For data-source-specific configuration details, see Data source list.
When to use the Code Editor
Use the Code Editor instead of the codeless UI in these situations:
The data source does not support codeless UI configuration.
The data source page in the DataWorks UI indicates whether a data source supports the codeless UI.

The data source has configuration parameters that are only available in the Code Editor.

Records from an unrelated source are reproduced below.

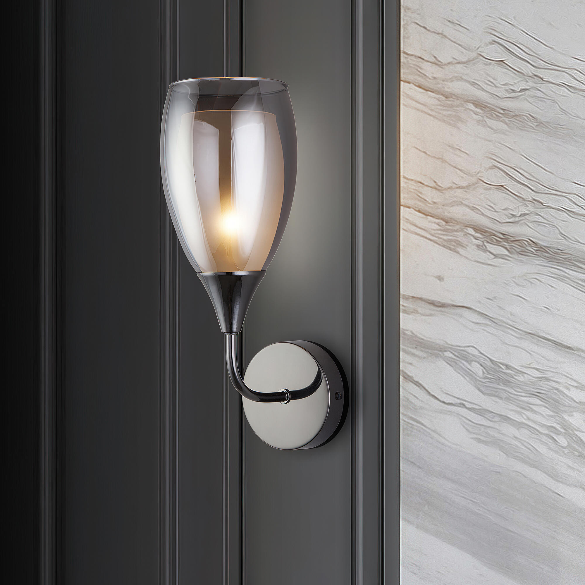 Настенный светильник в современном стиле 50285/1 черный жемчуг создаст качественное дополнительное освещение и станет эффектным дополнением к основному источнику света. Благодаря стеклянному плафону бра создает мягкое рассеянное свечение, подходящее для комфортного чтения книг в вечернее время. В качестве источника света используются сменные лампы типа "Свеча" или "Шар" с цоколем E14.
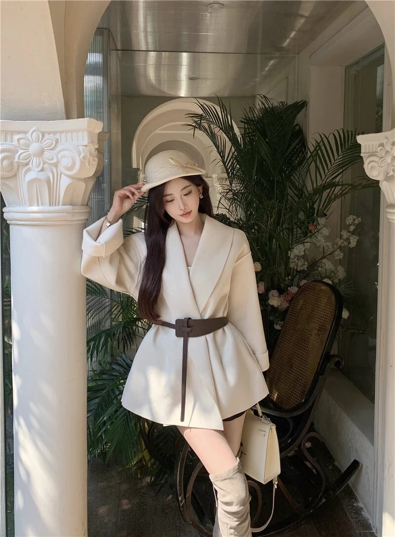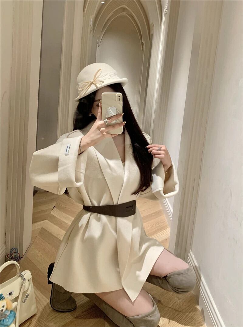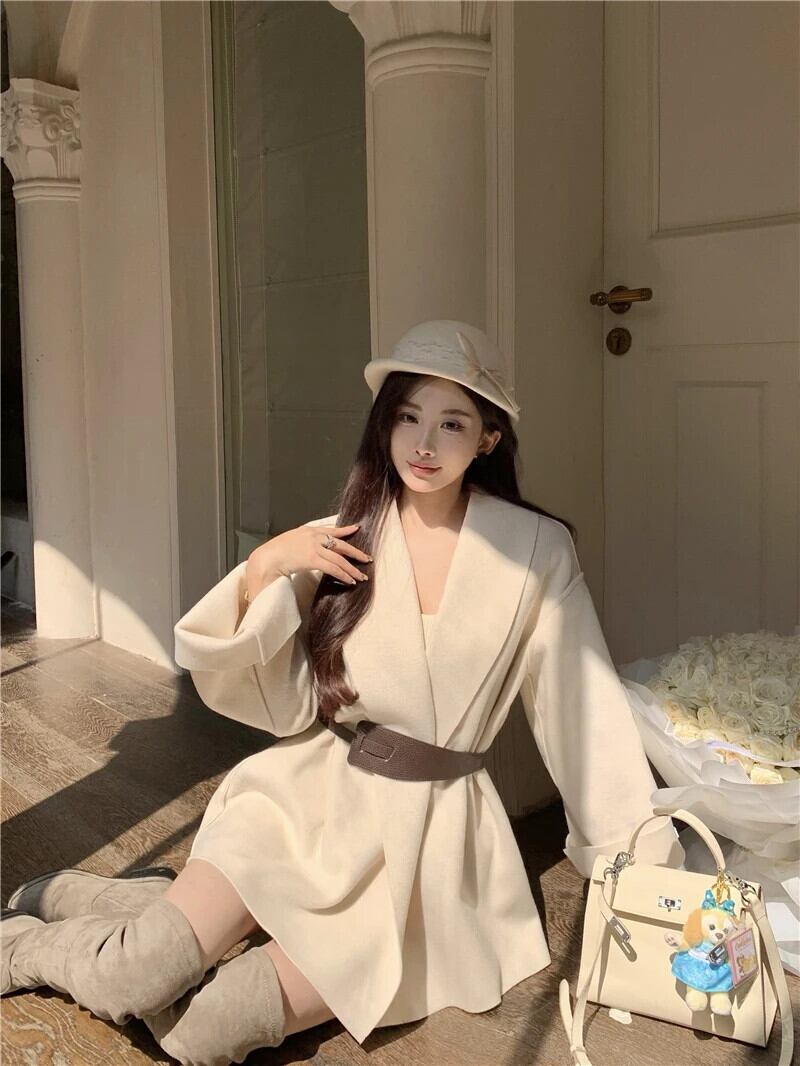 Sweet Hot Girl ウールコート レディース 秋冬 ミディアム丈 スリムフィット 長袖 レースアップ ウールコート ロング 大人ガーリー スウィート キュート カジュアル オータム 秋物 ウィンター 冬物
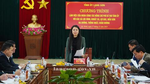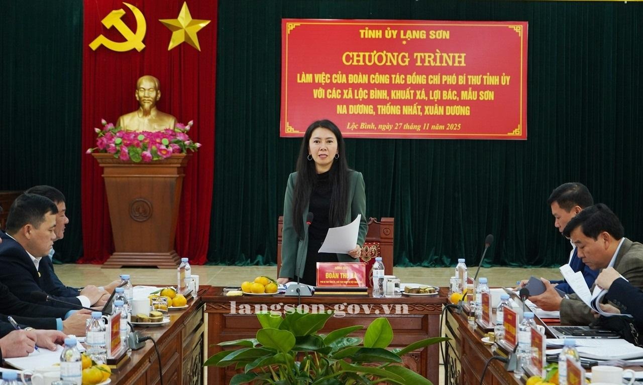Sáng 27/11/2025, đồng chí Đoàn Thu Hà, Phó Bí thư Tỉnh ủy, Chủ tịch Ủ ban MTTQ tỉnh, Tổ trưởng Tổ 4 (theo Quyết định số 58-QĐ/TU ngày 20/11/2025 của Ban Thường vụ Tỉnh ủy về việc phân công các đồng chí Ủy viên Ban Thường vụ Tỉnh ủy, Ủy viên Ban Chấp hành Đảng bộ tỉnh; cán bộ lãnh đạo các sở, ban ngành tỉnh phụ trách đảng bộ xã, phường) đã chủ trì Chương trình làm việc với Thường trực Đảng ủy các xã Mẫu Sơn, Lộc Bình, Na Dương, Lợi Bác, Thống Nhất, Xuân Dương, Khuất Xá để đánh giá công tác lãnh đạo, chỉ đạo, điều hành và kết quả triển khai thực hiện các nhiệm vụ từ ngày 01/7/2025 đến nay.
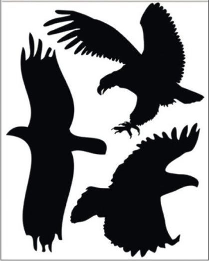 Realistické samolepky našich dravců - použití jako samolepka okna (lepící strana je bílá) a jiné hladké povrchy k plašení a ochraně ptáků.
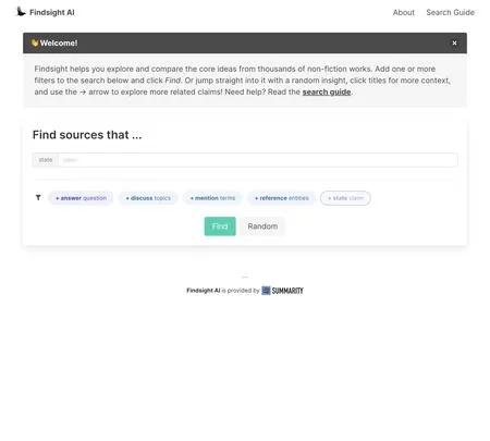 Findsight è un motore di ricerca unico progettato per esplorare contenuti non di finzione. Permette agli utenti di cercare in base alle 'affermazioni', offrendo una prospettiva nuova su come diverse fonti affrontano varie questioni. Con Findsight, puoi intraprendere il tuo percorso di apprendimento, scoprendo e confrontando punti di vista, e persino collegandoti alle fonti originali. Offre anche filtri di base e alimentati dall'IA per affinare la tua ricerca, rendendolo uno strumento potente per la ricerca e l'apprendimento. Che tu sia un nuovo utente o un ricercatore esperto, Findsight porta la gioia della scoperta e la soddisfazione di trovare informazioni accurate e rilevanti proprio a portata di mano.

The data source cannot be created in the DataWorks UI.
Prerequisites
Before you begin, make sure that:
The required source and destination data sources are configured on the Data Source page of the DataWorks console. See Data source list, Supported data sources and sync solutions, and Data Source Configuration
A resource group with a suitable specification is purchased and attached to the workspace. See Use a Serverless resource group for Data Integration and Use exclusive resource groups for Data Integration
Network connectivity between the resource group and the data source is established. See Configure network connections
Step 1: Create a batch synchronization node
Data Studio (new version)
Log on to the DataWorks console. Switch to the destination region. In the left navigation pane, choose Data Development & O&M > Data Development. Select the desired workspace from the drop-down list and click Go to Data Studio.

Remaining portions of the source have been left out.